### [WORK INSTRUCTIONS]
In the data below, find the line with "和 $b$ 的顺序的问题也有了明确的答案。" and the line with "Murais de parede", then restate both and every line between them exactly, minus the pictures.

### [RECORD SET]
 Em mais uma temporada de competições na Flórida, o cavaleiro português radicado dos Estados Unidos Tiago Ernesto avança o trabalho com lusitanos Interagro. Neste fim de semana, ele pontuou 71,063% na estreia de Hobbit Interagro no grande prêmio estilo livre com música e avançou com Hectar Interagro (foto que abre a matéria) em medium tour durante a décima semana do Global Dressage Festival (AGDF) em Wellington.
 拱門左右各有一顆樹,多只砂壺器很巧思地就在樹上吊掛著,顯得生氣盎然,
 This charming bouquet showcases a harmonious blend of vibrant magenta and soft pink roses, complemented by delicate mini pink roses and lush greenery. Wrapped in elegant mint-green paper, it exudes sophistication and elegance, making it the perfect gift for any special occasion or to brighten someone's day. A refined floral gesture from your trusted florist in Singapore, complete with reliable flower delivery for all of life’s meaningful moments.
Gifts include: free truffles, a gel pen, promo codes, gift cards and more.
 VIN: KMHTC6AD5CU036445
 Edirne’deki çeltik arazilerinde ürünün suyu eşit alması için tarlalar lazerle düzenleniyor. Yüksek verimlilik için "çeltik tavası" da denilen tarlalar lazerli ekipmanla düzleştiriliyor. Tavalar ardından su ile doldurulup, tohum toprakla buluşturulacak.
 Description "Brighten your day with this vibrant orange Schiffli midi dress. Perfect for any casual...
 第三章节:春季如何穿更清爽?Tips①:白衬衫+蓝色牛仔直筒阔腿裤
---
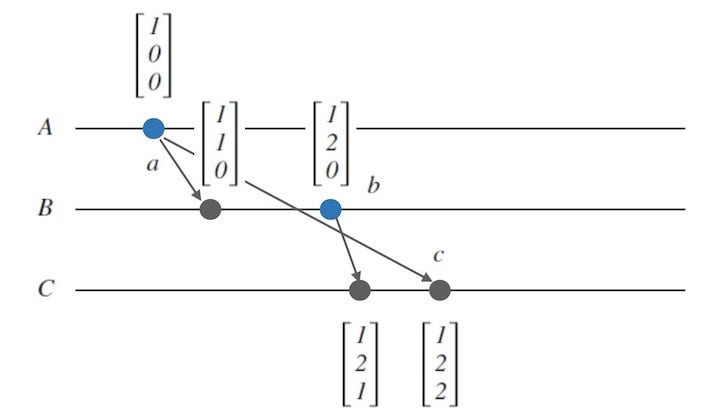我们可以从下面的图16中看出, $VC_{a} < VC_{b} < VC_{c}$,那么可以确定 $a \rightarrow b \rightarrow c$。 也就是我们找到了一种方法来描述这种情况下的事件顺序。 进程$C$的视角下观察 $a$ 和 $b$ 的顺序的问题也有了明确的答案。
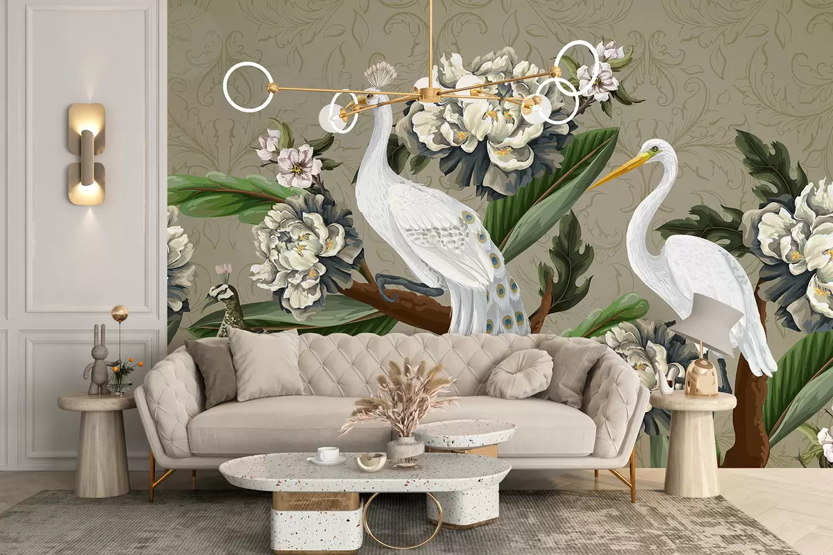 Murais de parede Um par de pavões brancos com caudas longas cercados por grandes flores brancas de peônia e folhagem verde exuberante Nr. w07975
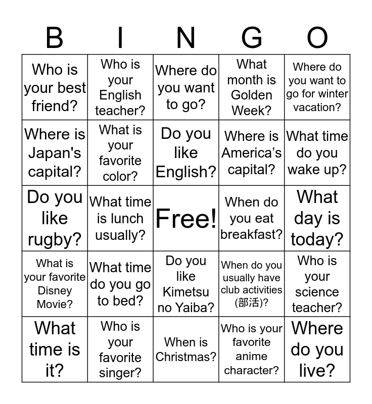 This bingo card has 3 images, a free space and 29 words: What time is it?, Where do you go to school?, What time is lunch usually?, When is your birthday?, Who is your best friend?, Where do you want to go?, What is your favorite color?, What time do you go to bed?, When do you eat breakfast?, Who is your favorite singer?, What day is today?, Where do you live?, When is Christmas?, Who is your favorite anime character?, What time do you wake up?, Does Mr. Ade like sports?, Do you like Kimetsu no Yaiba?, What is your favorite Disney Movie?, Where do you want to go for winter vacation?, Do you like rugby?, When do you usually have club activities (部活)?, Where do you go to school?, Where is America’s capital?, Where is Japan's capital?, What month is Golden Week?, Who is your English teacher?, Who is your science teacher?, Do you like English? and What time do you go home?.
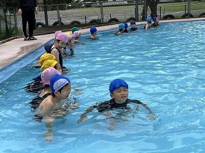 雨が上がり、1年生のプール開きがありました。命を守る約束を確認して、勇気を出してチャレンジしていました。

### [RESULT OF THE TASK]
我们可以从下面的图16中看出, $VC_{a} < VC_{b} < VC_{c}$,那么可以确定 $a \rightarrow b \rightarrow c$。 也就是我们找到了一种方法来描述这种情况下的事件顺序。 进程$C$的视角下观察 $a$ 和 $b$ 的顺序的问题也有了明确的答案。
 Murais de parede Um par de pavões brancos com caudas longas cercados por grandes flores brancas de peônia e folhagem verde exuberante Nr. w07975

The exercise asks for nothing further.